▸ **Data excerpt**
=== Section Start ===
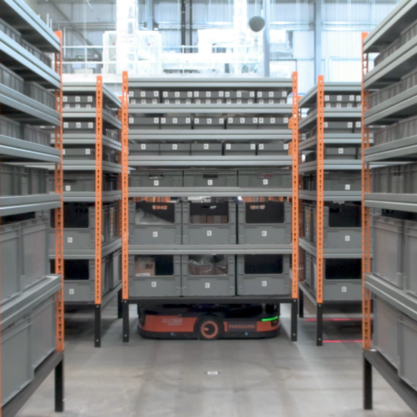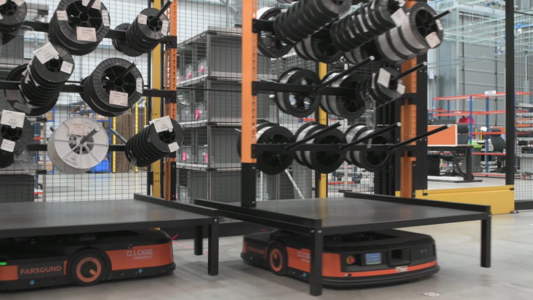 Farsound定制了多种货架来满足不同种类零部件的搬运需求;同时,海康机器人LMR可实现货架的柔性适配。
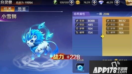 可解锁不同分灵兽,每次解锁均会增加战力,同时解锁后的可跟随出来展示
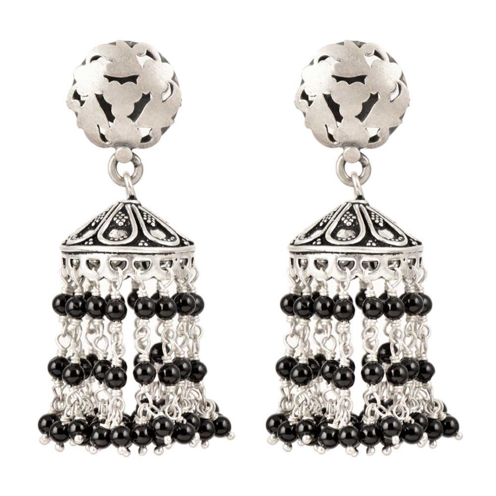 Handmade Tassel Jhumkas is 92.5 sterling silver earrings with white and black beads is the eternal classical design these vintage earrings will complement any occasion ethnic wear/ daily / college / party wear.
=== Section End ===
▸ **Task brief**
The listing must be returned in full and exactly, apart from its pictures.

▸ **Solution to this exercise**
 Farsound定制了多种货架来满足不同种类零部件的搬运需求;同时,海康机器人LMR可实现货架的柔性适配。
 可解锁不同分灵兽,每次解锁均会增加战力,同时解锁后的可跟随出来展示
 Handmade Tassel Jhumkas is 92.5 sterling silver earrings with white and black beads is the eternal classical design these vintage earrings will complement any occasion ethnic wear/ daily / college / party wear.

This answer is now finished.